Two corporate derivative actions also have been filed in the same court. The complaints, brought in each case by a shareholder on behalf of the Company against its directors and an executive officer, allege that the defendants knew adverse non-public information about the activities alleged in the NYAG Complaint and concealed and misappropriated that information to make profitable stock trades, thereby breaching their fiduciary duties, abusing their control, committing gross mismanagement, wasting corporate assets, and unjustly enriching themselves. The complaints seek damages, injunctive relief, disgorgement, and attorneys' fees. All defendants dispute the allegations and intend to defend these actions vigorously.

Six putative class actions also have been filed by alleged policyholders in federal district courts, one in the Southern District of New York, two in the Eastern District of Pennsylvania, and three in the Northern District of Illinois, against several brokers and insurers, including the Company.
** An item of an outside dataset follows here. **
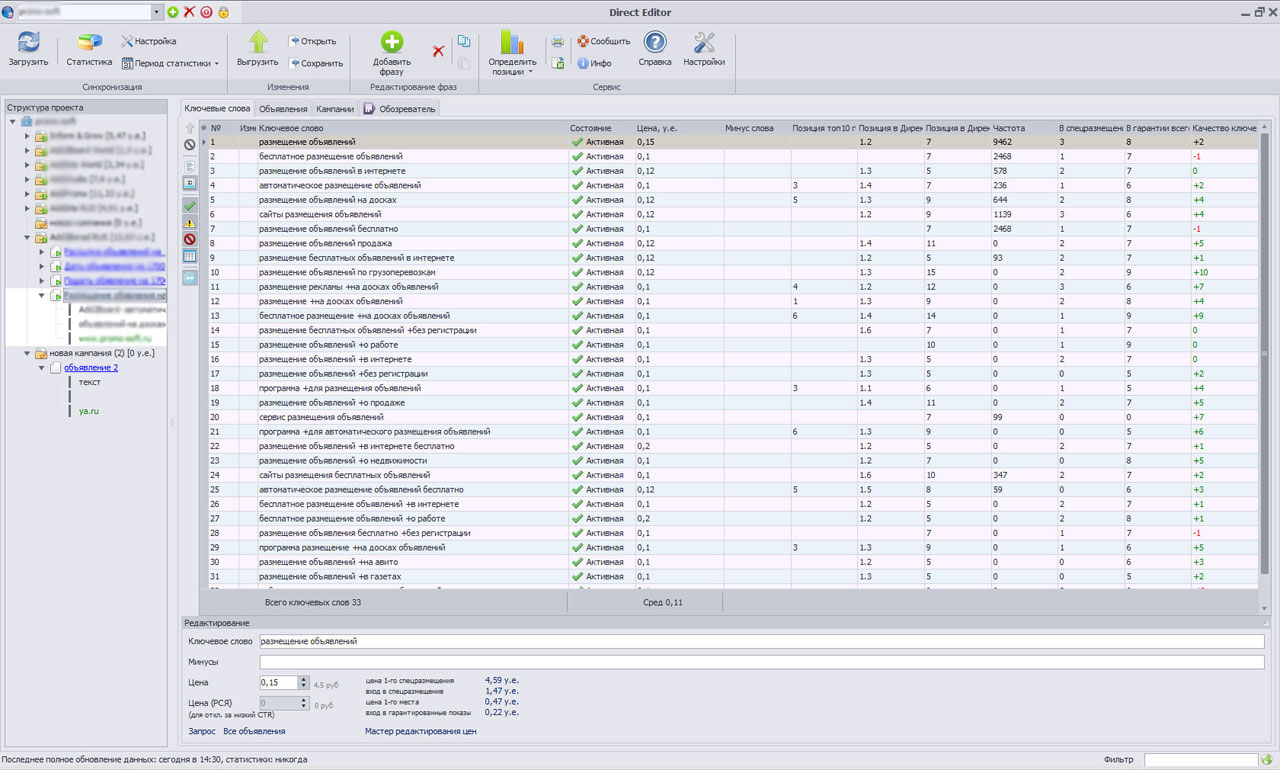 Предлагаем вам оценить новую функцию DirectEditor для анализа текущей ситуации “Определение позиций”. Для выбранных фраз или всех фраз выбранного объявления/компании программа запросит страницу результатов поиска Яндекс с учетом выбранного региона. Для опытного глаза на этой странице очень много полезной информации:
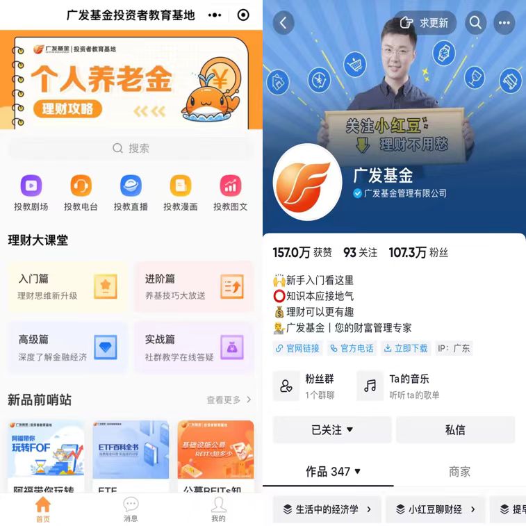 投资者能便捷地获取优质投教知识得益于广发基金有特色、成体系、差异化的多媒体矩阵和内容体系。截至目前,广发基金入驻了微信公众号、视频号、微博、抖音、今日头条等10大线上媒体平台,覆盖近千万投资者,其中今日头条、抖音等平台订阅人数均位列行业前茅。同时,面向理财新手,推出轻量级系列课程《年轻人的理财第一课》;聚焦女性群体理财需求,开发业内首部投教广播剧《财女养成计划》;针对养老投资服务需求,制作专题栏目《个人养老金知多少》《小红豆说养老》等。锚定不同投资知识背景、不同风险偏好的投资者提供精准、有针对性的陪伴。

These actions assert, on behalf of a class of persons who purchased insurance through the broker defendants, claims under the Sherman Act and state law, and in some cases the Racketeer Influenced and Corrupt Organizations Act ("RICO"), arising from the conduct alleged in the NYAG Complaint. The class period alleged is 1994 through the date of class certification, which has not yet occurred. The complaints seek treble damages, injunctive and declaratory relief, and attorneys' fees. A putative class action also has been filed in the Circuit Court for Cook County, Illinois, Chancery Division, on behalf of a class of all persons who purchased insurance from a class of defendant insurers. This state court action asserts unjust enrichment claims arising from the conduct alleged in the NYAG Complaint and seeks restitution of premiums, imposition of a constructive trust, and declaratory and injunctive relief. The class period alleged is 1994 through the present. The Company has removed the Cook County action to the United States District Court for the Northern District of Illinois. The Company disputes the allegations in all of these actions and intends to defend the actions vigorously.
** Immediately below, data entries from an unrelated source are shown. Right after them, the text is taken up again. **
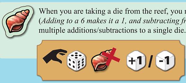 拿取骰子時,可以棄掉海螺讓骰子點數+/-1,可以棄掉多個海螺讓骰子點數大量改變。
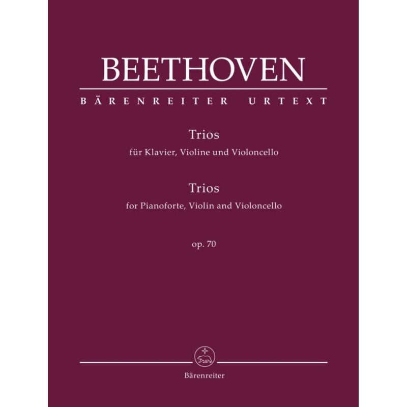 Les deux trios pour piano op. 70 ont été écrits lors de la visite du compositeur à sa mécène Marie von Erdödy. Publiées en 1809, elles comptent aujourd'hui parmi les uvres les plus célèbres de Beethoven dans ce genre, notamment le « Trio fantôme » op. 70 n° 1, dont le nom a une signification peu claire et fait peut-être référence au caractère du deuxième mouvement. Pour cette nouvelle édition Urtext, l'éditeur Jonathan Del Mar disposait pour la première fois d'une autre source pertinente, à savoir un ensemble de parties réalisées pour l'archiduc Rudolf avec des corrections de Beethoven. En évaluant méticuleusement toutes les sources, les divergences dans les éditions précédentes ont été résolues et le troisième mouvement du Trio n° 2 est ainsi reproduit dans sa structure originale en cinq parties.
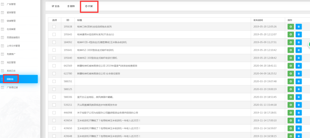信息誤刪,悔不當初?沒關系,萬家燈火CMS系統(tǒng)回收站上線,再也不用擔心信息刪除后找不回來了。
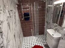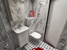 - Suihku, Suihkuseinä, Pesukonevalmius, Peilikaappi, Laattalattia, Halogeenivalot, Laattaseinä, Allaskaappi, Rättipatteri
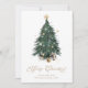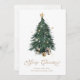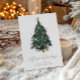 Bring grace and glamour to your holiday greetings with this stunning white Christmas card. A beautifully painted evergreen tree and festive gifts take center stage, complemented by elegant gold calligraphy. The clean design radiates warmth, elegance, and the true spirit of Christmas.
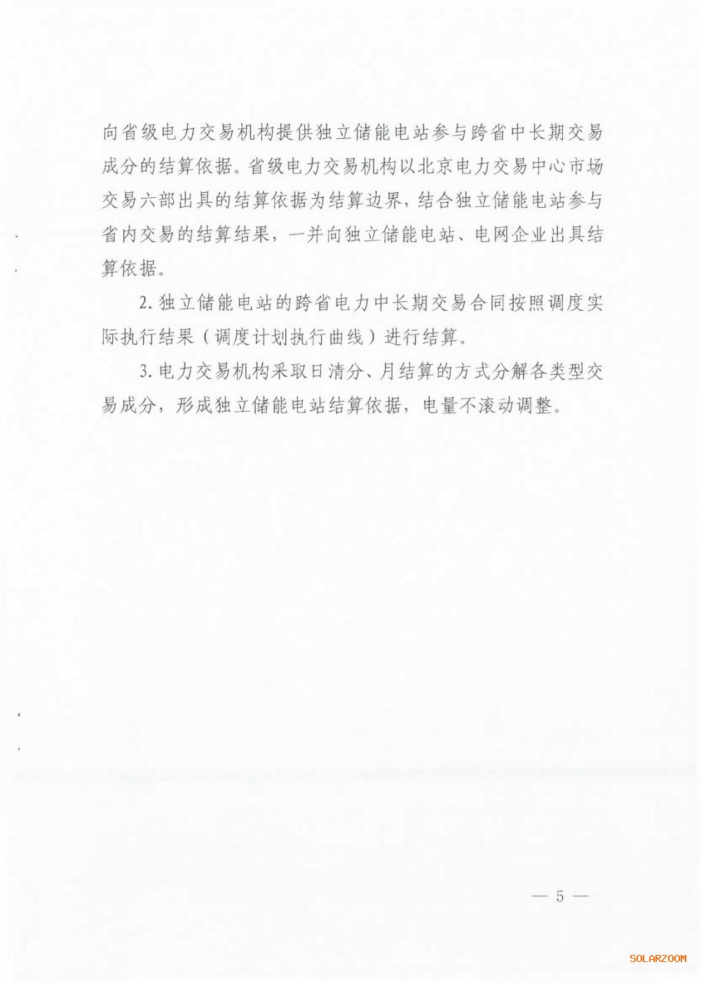 3.电力交易机构采取日清分、月结算的方式分解各类型交易成分,形成独立储能电站结算依据,电量不滚动调整。
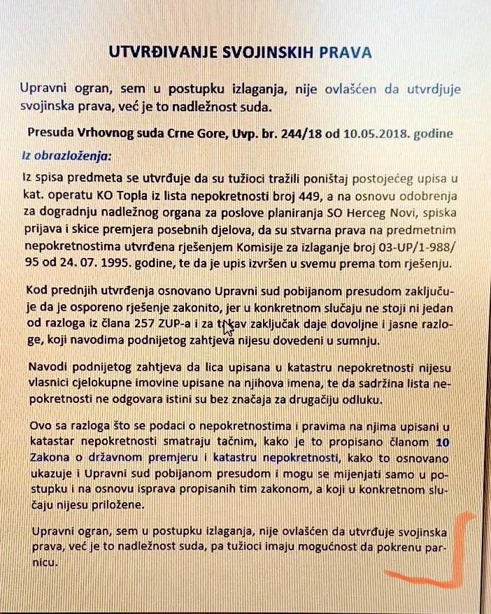 U kontekstu aktuelnog stanja u polemikama oko pravne umešnosti “upravnog postupka” odnosno da se pred organima UNCG, tj. kolokvijalno, referenata nadležnih katastara, utvrđuje pravo svojine, postoji jasan pravni stav koji je zauzeo pre samo godinu i po Vrhovni sud Crne Gore kao najviša sudska državna instanca.

Additional complaints may be filed against the Company in various courts alleging claims under federal or state law arising from the conduct alleged in the NYAG Complaint. The Company's ultimate liability, if any, in the pending and possible future suits is highly uncertain and subject to contingencies that are not yet known, such as how many suits will be filed, in which courts they will be lodged, what claims they will assert, what the outcome of investigations by the New York Attorney General's Office and other regulatory agencies will be, the success of defenses that the Company may assert, and the amount of recoverable damages if liability is established. In the opinion of management, it is possible that an adverse outcome in one or more of these suits could have a material adverse effect on the Company's consolidated results of operations or cash flows in particular quarterly or annual periods.
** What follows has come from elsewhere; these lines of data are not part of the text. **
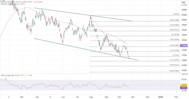 ATFX港股:昨日港股重阳节假期休市,期间外围及内地股市表现向下。恒指连跌三日累挫601点创今年收市新低后,今早再挫近300点,失守一万七千点关口,创2022年11月底以来新低。
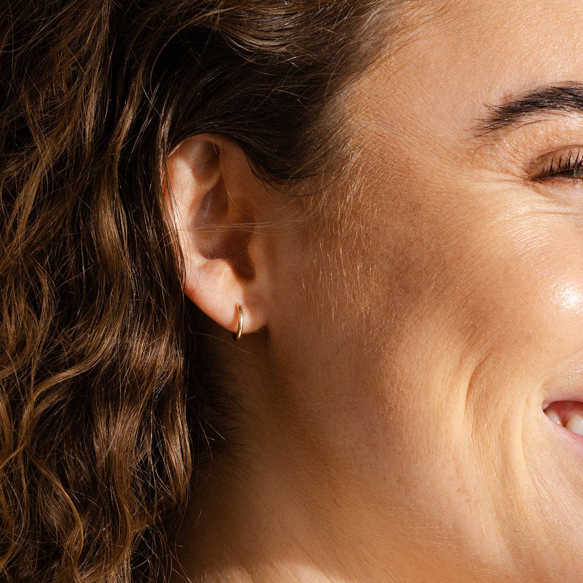 Our mini live in hoops are the daintiest of all our hoop earrings! So light and comfortable you can wear them all day, everyday. These lightweight beauties will take a little extra time and care when first putting them on, but that tiny {hoop} hug is worth it! Once in, they're made to be left in. Sleep, shower, run, create, travel — all without having to ever take them off.
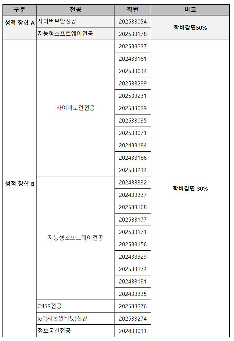 2025학년도 2학기 성적우수 장학생을 아래와 같이 공지합니다.
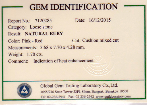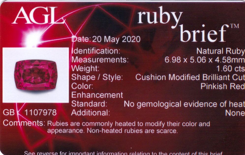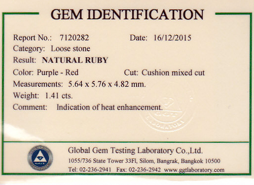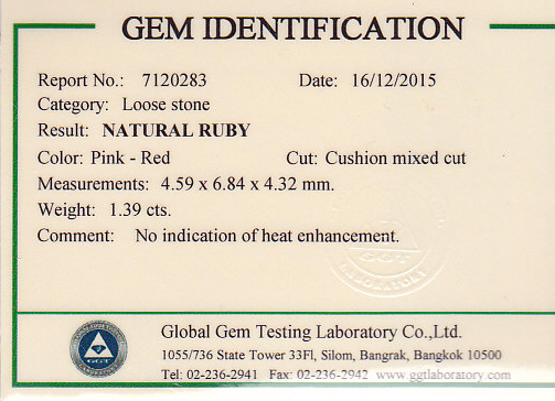 Unheated 1.39ct Cushion Shaped Ruby of a Pinkish Red color. (egaj-15-30) $10,842 - View Cert |

Asbestos and Environmental Claims - As discussed in Note 16 of Notes to Consolidated Financial Statements under the caption "Asbestos and Environmental Claims," included in The Hartford's 2003 Form 10-K Annual Report, The Hartford continues to receive asbestos and environmental claims that involve significant uncertainty regarding policy coverage issues. Regarding these claims, The Hartford continually reviews its overall reserve levels and reinsurance coverages, as well as the methodologies it uses to estimate its exposures. Because of the significant uncertainties that limit the ability of insurers and reinsurers to estimate the ultimate reserves necessary for unpaid losses and related expenses, particularly those related to asbestos, the ultimate liabilities may exceed the currently recorded reserves. Any such additional liability (or any range of additional amounts) cannot be reasonably estimated now but could be material to The Hartford's future consolidated operating results, financial condition and liquidity.

REGULATORY DEVELOPMENTS

In June 2004, the Company received a subpoena from the New York Attorney General's Office in connection with its inquiry into compensation arrangements between brokers and carriers. In mid-September 2004 and subsequently, the Company has received additional subpoenas from the New York Attorney General's Office, which relate more specifically to possible anti-competitive activity among brokers and insurers. In October through December 2004, the Company received subpoenas or other information requests from Attorneys General and regulatory agencies in more than a dozen jurisdictions regarding broker compensation and possible anti-competitive activity. The Company may receive additional subpoenas and other information requests from Attorneys General or other regulatory agencies regarding similar issues. The Company also has received a subpoena from the New York Attorney General's Office requesting information related to the Company's underwriting practices with respect to legal professional liability insurance. In addition, the Company has received a request for information from the
New York Attorney General's Office concerning the Company's compensation arrangements in connection with the administration of workers compensation plans. The Company intends to continue cooperating fully with these investigations, and is conducting an internal review, with the assistance of outside counsel, regarding the issues under investigation.

On October 14, 2004, the New York Attorney General's Office filed a civil complaint against Marsh & McLennan Companies, Inc., and Marsh, Inc. (collectively, "Marsh"). The complaint alleges, among other things, that certain insurance companies, including the Company, participated with Marsh in arrangements to submit inflated bids for business insurance and paid contingent commissions to ensure that Marsh would direct business to them. The Company is not joined as a defendant in the action. Although no regulatory action has been initiated against the Company in connection with the allegations described in the civil complaint, it is possible that the New York Attorney General's Office or one or more other regulatory agencies may pursue action against the Company or one or more of its employees in the future. The potential timing of any such action is difficult to predict. If such an action is brought, it could have a material adverse effect on the Company.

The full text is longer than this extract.